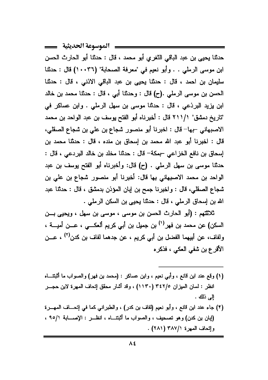 (¬١) وقع وعند ابن قانع، وأبي نعيم، وابن عساكر: (محمد بن فهر) والصواب ما أثبتناه انظر: لسان الميزان ٥/ ٣٤٢ (١١٣٠)، وقد أشار محقق إتحات المهرة لابن حجر إلى ذلك.
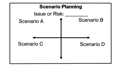 - Create short, detailed scenarios describing possible futures and the impacts they would have on your mission. Then visualize how your organization might pivot within each scenario. With your team, discuss the opportunities and challenges inherent in each scenario. Ask for each:
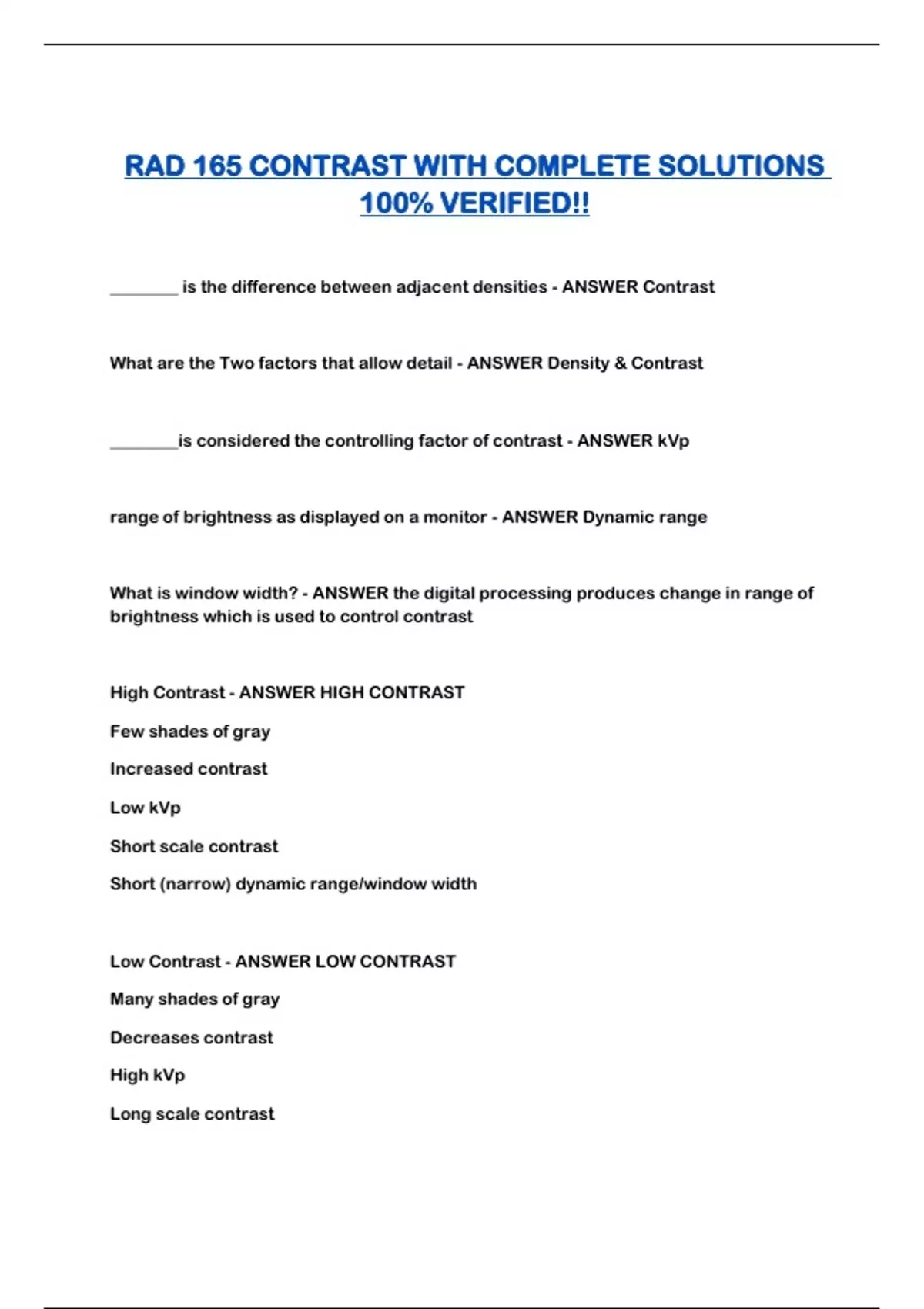 RAD 165 CONTRAST WITH COMPLETE SOLUTIONS
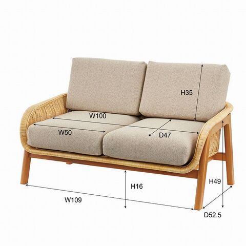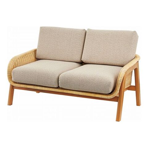 ソファ 2人掛 幅115×奥行78×高さ7 座面高40 ラタン 天然木 ラッカー塗装 ポリプロピレン ポリエステル【送料無料】
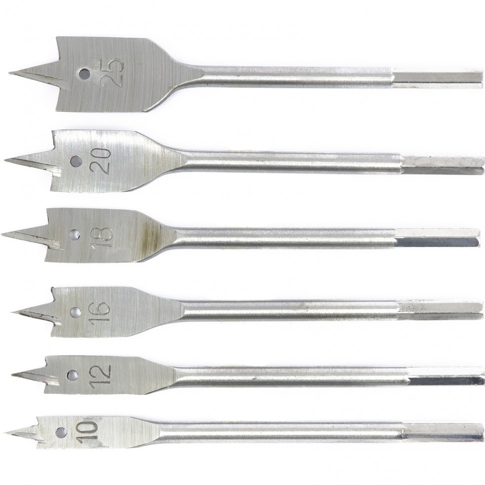 Набор сверло по дереву перовых 10-12-16-18-25 мм 6-гранный хвостовик Сибртех
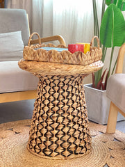 Environmentally conscious and sustainable, this brown and black straw table is a perfect choice for those looking to add a touch of elegance and texture to their living space. Please note that this table is not suitable for sitting and is intended for indoor use only.
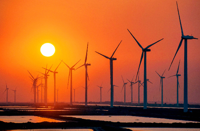 如今,滨州已形成以风电、光伏为主体,氢能、地热、生物质能为补充的多元清洁供能体系。图为北部沿海风电场(资料图)
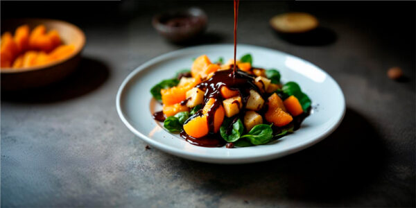 Ensalada de espinacas, fruta y vinagreta de cacao
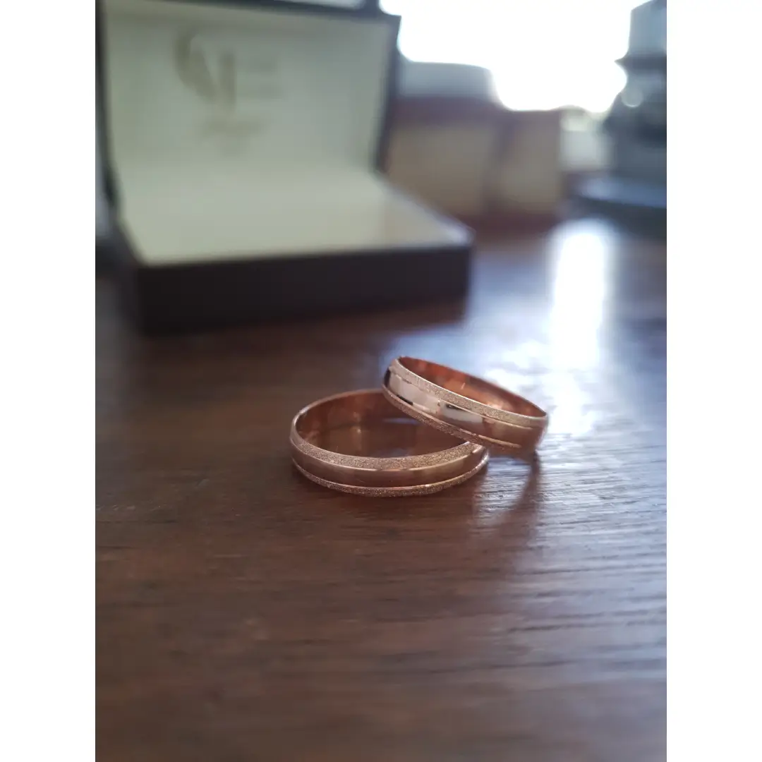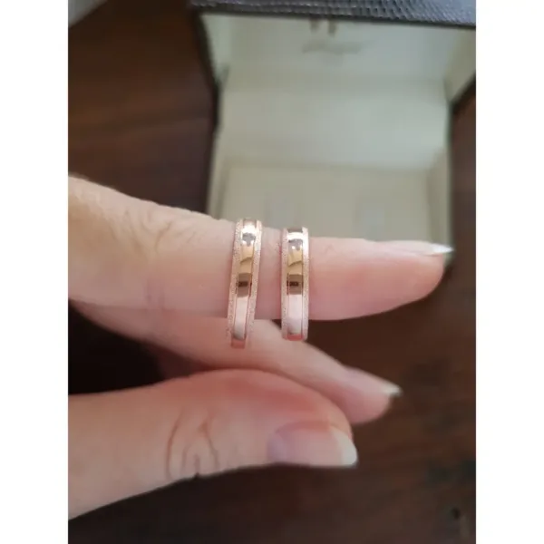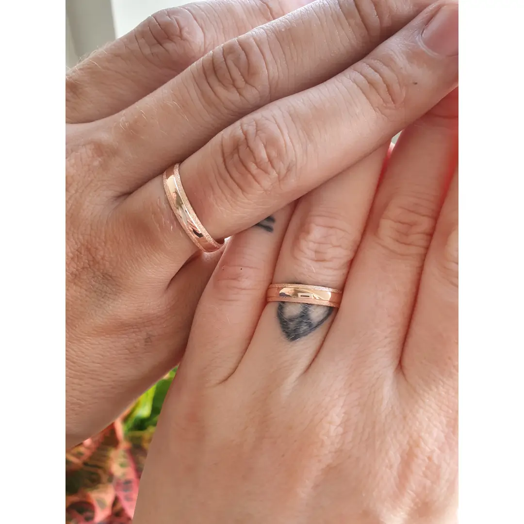Par de aliança em ouro rosé, disponível nas opções 10K e 18K.
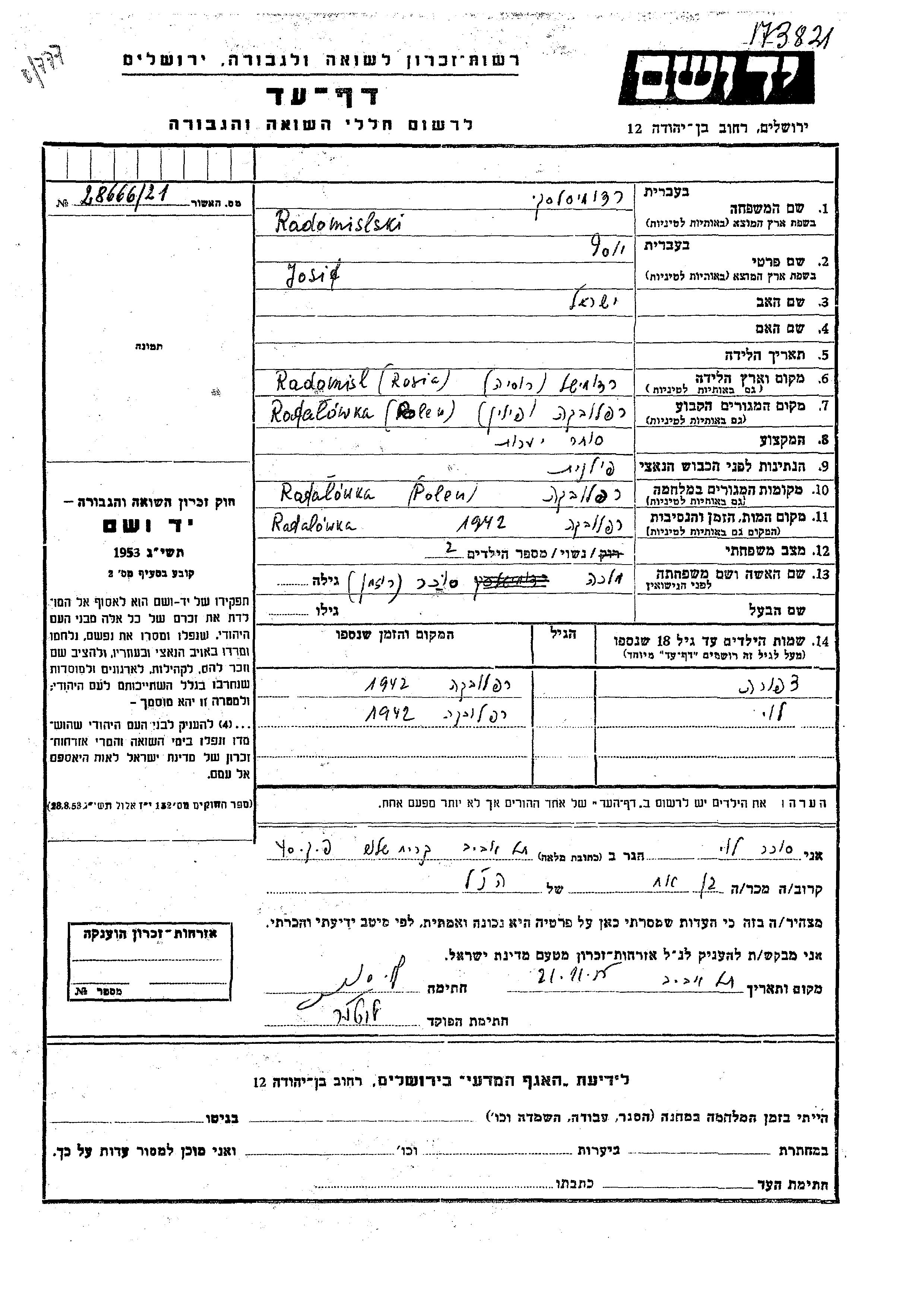 Josif Radomiselski wurde in Radomishel, Ukraine (UdSSR) geboren. Er war der Sohn von Yisrael. Er war Waldhändler und mit Malka, geb. Sukher Verheiratet. Vor dem Zweiten Weltkrieg lebte er in Rafałówka, Polen. Während des Krieges war er in Rafałówka, Polen.
++++++++++
Your job is to transcribe the entries above exactly; skip the pictures.

 (¬١) وقع وعند ابن قانع، وأبي نعيم، وابن عساكر: (محمد بن فهر) والصواب ما أثبتناه انظر: لسان الميزان ٥/ ٣٤٢ (١١٣٠)، وقد أشار محقق إتحات المهرة لابن حجر إلى ذلك.
 - Create short, detailed scenarios describing possible futures and the impacts they would have on your mission. Then visualize how your organization might pivot within each scenario. With your team, discuss the opportunities and challenges inherent in each scenario. Ask for each:
 RAD 165 CONTRAST WITH COMPLETE SOLUTIONS
 ソファ 2人掛 幅115×奥行78×高さ7 座面高40 ラタン 天然木 ラッカー塗装 ポリプロピレン ポリエステル【送料無料】
 Набор сверло по дереву перовых 10-12-16-18-25 мм 6-гранный хвостовик Сибртех
 Environmentally conscious and sustainable, this brown and black straw table is a perfect choice for those looking to add a touch of elegance and texture to their living space. Please note that this table is not suitable for sitting and is intended for indoor use only.
 如今,滨州已形成以风电、光伏为主体,氢能、地热、生物质能为补充的多元清洁供能体系。图为北部沿海风电场(资料图)
 Ensalada de espinacas, fruta y vinagreta de cacao
Par de aliança em ouro rosé, disponível nas opções 10K e 18K.
 Josif Radomiselski wurde in Radomishel, Ukraine (UdSSR) geboren. Er war der Sohn von Yisrael. Er war Waldhändler und mit Malka, geb. Sukher Verheiratet. Vor dem Zweiten Weltkrieg lebte er in Rafałówka, Polen. Während des Krieges war er in Rafałówka, Polen.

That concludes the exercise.